▶ EXERCISE DESCRIPTION
Everything from the line with "Schönes junges Mädchen" to the line with "A rugged men’s" in the listing below, both lines included, needs to be copied exactly, apart from the pictures.

▶ DATASET CONTENT
=== Section Start ===

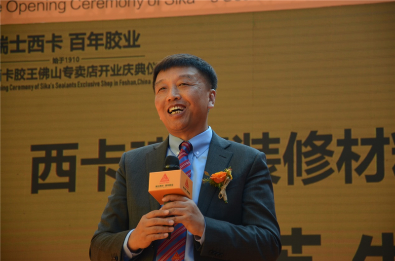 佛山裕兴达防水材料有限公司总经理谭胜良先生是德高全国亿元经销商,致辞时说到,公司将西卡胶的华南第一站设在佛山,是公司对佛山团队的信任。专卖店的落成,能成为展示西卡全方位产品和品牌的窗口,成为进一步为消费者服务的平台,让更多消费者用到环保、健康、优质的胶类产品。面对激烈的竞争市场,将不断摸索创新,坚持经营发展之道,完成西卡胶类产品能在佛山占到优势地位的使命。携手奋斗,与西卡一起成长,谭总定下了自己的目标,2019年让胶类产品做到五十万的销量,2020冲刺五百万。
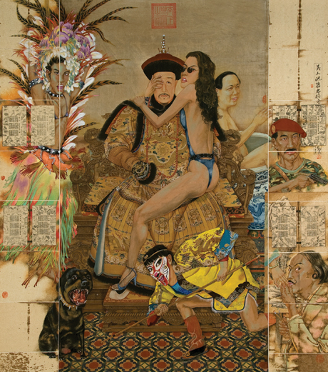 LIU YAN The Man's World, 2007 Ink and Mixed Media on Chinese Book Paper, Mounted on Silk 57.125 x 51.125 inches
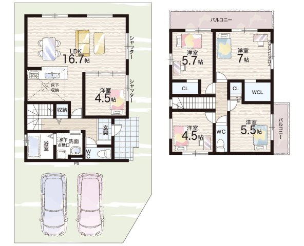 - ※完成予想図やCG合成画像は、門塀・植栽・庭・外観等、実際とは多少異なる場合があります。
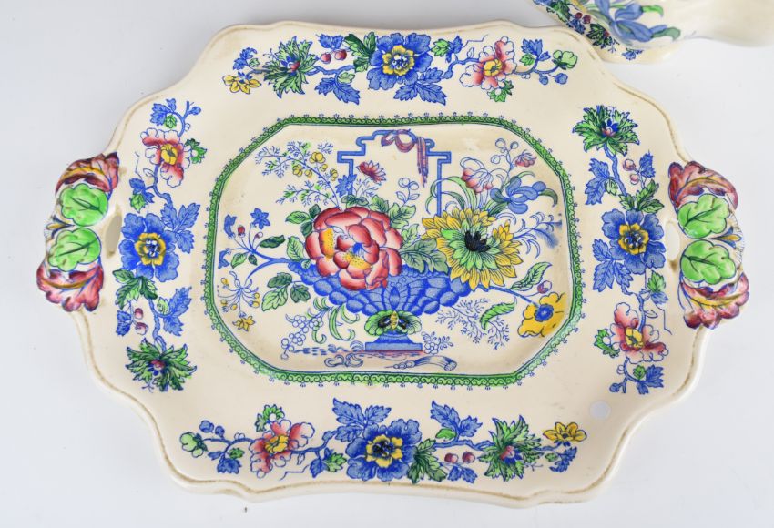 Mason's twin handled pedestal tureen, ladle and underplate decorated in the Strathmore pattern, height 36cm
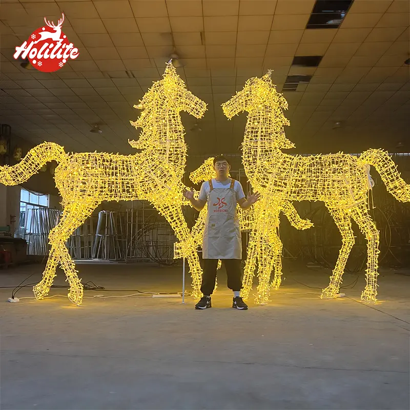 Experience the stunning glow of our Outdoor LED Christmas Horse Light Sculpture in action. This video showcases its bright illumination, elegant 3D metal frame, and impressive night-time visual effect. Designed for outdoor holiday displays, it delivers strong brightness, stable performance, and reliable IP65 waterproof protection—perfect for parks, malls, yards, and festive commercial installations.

=== Section End ===
=== Section Start ===

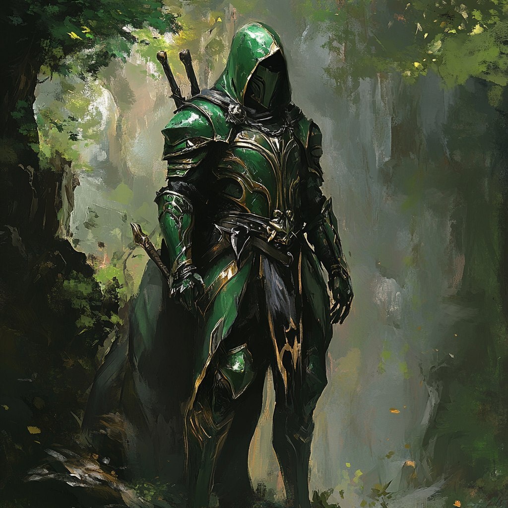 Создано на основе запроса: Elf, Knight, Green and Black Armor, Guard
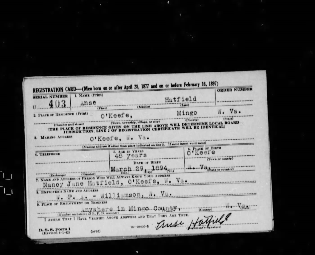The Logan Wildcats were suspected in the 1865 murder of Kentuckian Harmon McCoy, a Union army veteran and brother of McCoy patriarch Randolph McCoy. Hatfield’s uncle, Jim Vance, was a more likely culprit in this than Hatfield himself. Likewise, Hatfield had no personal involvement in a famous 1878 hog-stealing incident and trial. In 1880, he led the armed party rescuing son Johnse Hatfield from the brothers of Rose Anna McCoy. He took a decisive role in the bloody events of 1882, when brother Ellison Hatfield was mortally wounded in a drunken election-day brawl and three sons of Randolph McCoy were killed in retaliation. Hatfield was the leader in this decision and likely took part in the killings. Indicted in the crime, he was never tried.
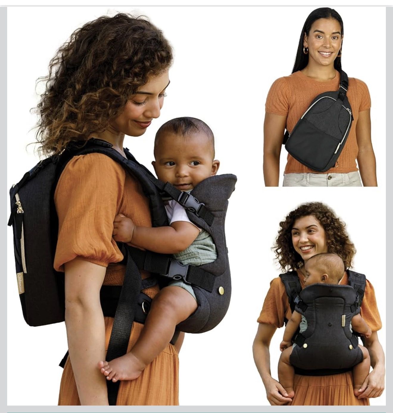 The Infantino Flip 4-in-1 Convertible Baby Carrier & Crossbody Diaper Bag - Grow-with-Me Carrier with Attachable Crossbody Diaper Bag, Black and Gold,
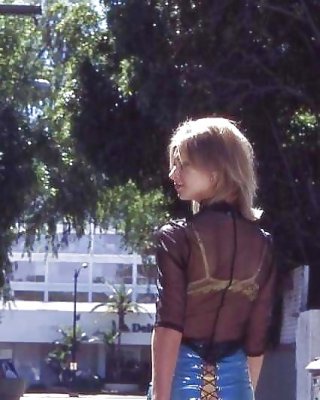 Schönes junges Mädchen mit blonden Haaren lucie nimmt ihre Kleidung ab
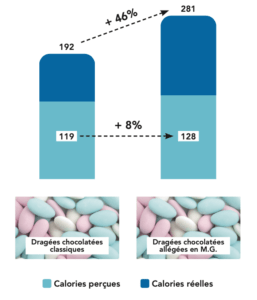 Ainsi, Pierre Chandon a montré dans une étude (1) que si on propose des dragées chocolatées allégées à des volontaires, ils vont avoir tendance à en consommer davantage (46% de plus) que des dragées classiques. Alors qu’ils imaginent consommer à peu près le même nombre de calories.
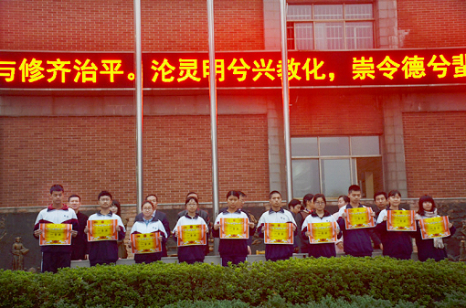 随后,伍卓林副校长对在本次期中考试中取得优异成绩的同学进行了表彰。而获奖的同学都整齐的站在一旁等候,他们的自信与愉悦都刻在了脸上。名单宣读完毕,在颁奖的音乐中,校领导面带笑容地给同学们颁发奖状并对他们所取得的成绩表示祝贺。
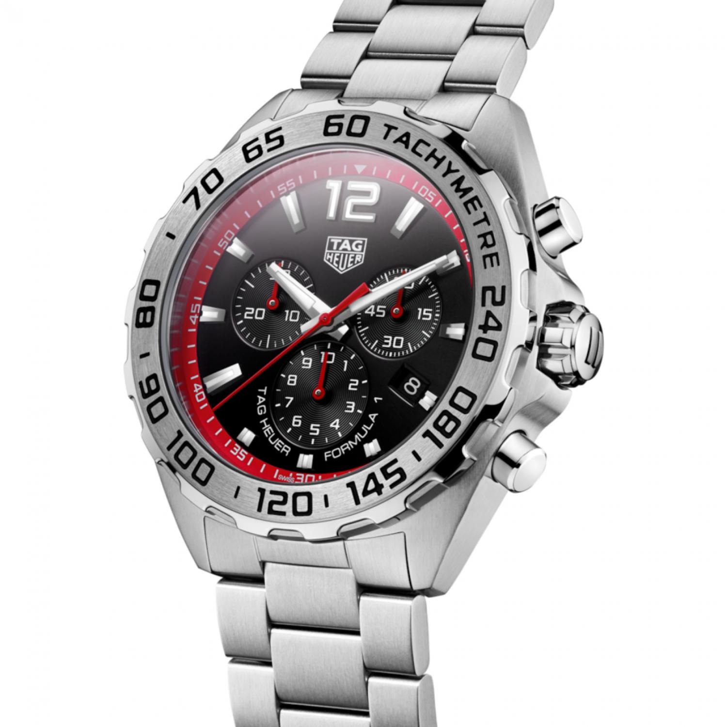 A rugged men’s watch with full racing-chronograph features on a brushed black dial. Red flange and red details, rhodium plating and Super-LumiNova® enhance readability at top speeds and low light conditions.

=== Section End ===

▶ ANSWER TO THIS TASK
 Schönes junges Mädchen mit blonden Haaren lucie nimmt ihre Kleidung ab
 Ainsi, Pierre Chandon a montré dans une étude (1) que si on propose des dragées chocolatées allégées à des volontaires, ils vont avoir tendance à en consommer davantage (46% de plus) que des dragées classiques. Alors qu’ils imaginent consommer à peu près le même nombre de calories.
 随后,伍卓林副校长对在本次期中考试中取得优异成绩的同学进行了表彰。而获奖的同学都整齐的站在一旁等候,他们的自信与愉悦都刻在了脸上。名单宣读完毕,在颁奖的音乐中,校领导面带笑容地给同学们颁发奖状并对他们所取得的成绩表示祝贺。
 A rugged men’s watch with full racing-chronograph features on a brushed black dial. Red flange and red details, rhodium plating and Super-LumiNova® enhance readability at top speeds and low light conditions.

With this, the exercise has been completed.